The uncertainty caused by the Italian elections continued to reverberate around markets overnight with European stocks under pressure and the US dollar and gold benefitting materially from the malaise.
The election result seems to have come as somewhat of a surprise to the established players and clearly also the markets. Stocks in Milan fell 4.9% dragging the rest of Europe with it and putting the whole Euro project in jeopardy. There is some hope that the previous antipathy between the established players may be put aside for some sort of “grand coalition” but the comedian turned politician Beppe Grillo who has driven a wedge through the establishment says he won’t be part of it.
We can all wring our hands and worry about what is going to happen but I thought a quote I saw on Reuters this morning summed up the outlook in the months ahead without too much hyperbole,
At the very least, a prolonged period of uncertainty faces the Italian economy, affecting investor sentiment. In coming months, fiscal slippage and obstacles to structural and labor market reforms would not at all be well received by global investors,” said Andrew Milligan, head of global strategy at Standard Life Investments
Uncertainty is never good for markets. Well that’s not exactly true is it. It is bad for some markets and good for others. Take last night’s price action as an example. The US dollar gained ground against all comers and gold rallied very sharply. Of course this is the normal thing in times like these when uncertainty rises materially but it serves as a lesson to traders that there is always a market somewhere that offers opportunities.
Indeed the USDJPY moves yesterday were both volatile but also predictable.
You can see in the hourly chart above the swift move once the 91.90 level gave way yesterday morning. USDJPY traded down below 91 before bouncing sharply. A sell stop on a break of 91.90 would have rewarded handsomely for the nimble trader and even though the recovery has been fairly good the outlook for USDJPY has turned for the moment.
Of course when you look at the USD’s strength against other currencies, gold’s rally and the Yen’s move we see the classic style of safe haven play in uncertainty. What we haven’t seem – as you will note – is a rally in the Aussie dollar. Sure some will say that RBA Assistant Governor Guy Debelle’s comments in a speech yesterday that the Aussie dollar was
“somewhat on the high side” and “There’s no limit on our ability to supply Australian dollars,…We have more Australian dollars than anyone else in the world because we print them,”
thus implying that the RBA could intervene if they wanted is the reason the Aussie is lower and that may be so. But at the risk of banging on a drum the Aussie did not rally in increased uncertainty.
It is not a safe haven – a safe harbour at best and as you can see in the chart below traded under 1.02 last night.
The Aussie seems biased toward 1.01 at the moment.

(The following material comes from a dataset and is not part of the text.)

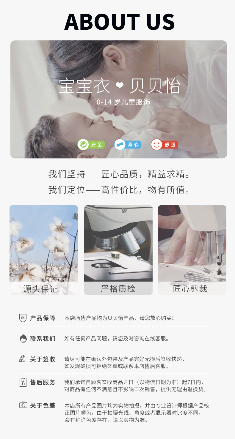 - 贝贝怡专注0-6岁婴幼儿服饰,坚持安全、柔软、舒适的产品理念,为千万中国家庭提供超高品质、安全可靠的婴幼儿服饰产品,妈妈放心,宝宝开心!

Turning to other news overnight Fed Chairman Bernanke gave solid support to the easing policy and bond buying strategy that the FOMC is conducting. Last week there were thoughts, which we shared, that perhaps the Fed recognises the risks it is running in the unconventional policy and the impact it is having on markets particularly stocks. However overnight in his Testimony Bernanke said,
To this point, we do not see the potential costs of the increased risk-taking in some financial markets as outweighing the benefits of promoting a stronger economic recovery and more rapid job creation,
No mucking around there he is clear – jobs are still the focus and the Fed goosing stocks is seen as less troublesome than having less people in the work force. Of course at a humanist level we could not agree more, we want to see as many people in jobs around the world as can be found but while Bernanke’s comments show the Fed will stay the course there is no denying that its program is a potential cause of instability down the road – its just he sees the risk as small compared to getting people back to work.
These comments together with a solid year on year rise of 6.8% for the Case Shiller House price index and the big bounce in the Richmond Fed index from -12 to +6 helped stocks in the US shake off the European weakness. At 7.22 with 38 minutes to go the Dow is up 103 points or 0.75%, the Nasdaq is up 0.28% and the S&P has rallied back to 1495 for a rise of 0.48%
Earlier in the night as noted above Europe was under the pump. Adding to Italy’s near 5% loss, Spainish shares fell 3.20%, the CAC dropped 2.67% the DAX fell 2.27% and the FTSE was 1.34%.
To recap FX markets after all the ructions and big moves this time yesterday the Majors are largely unchanged day on day. In commodity markets Crude is down 0.63% but copper, wheat, corn, silver and gold were all higher. Looking directly at gold we said last week that it could rally as much as $50 from the pessimistic crescendo that we saw and it is now up more than $60 from the low sitting at $1609 up 1.83% on the day. On the charts however Gold’s rally does not look over so further strength is probably in the offing.
Kiwi Trade data, Japanese retail trade and Australian construction work are on the agenda this morning before business confidence data in Europe and durable goods in the US tonight.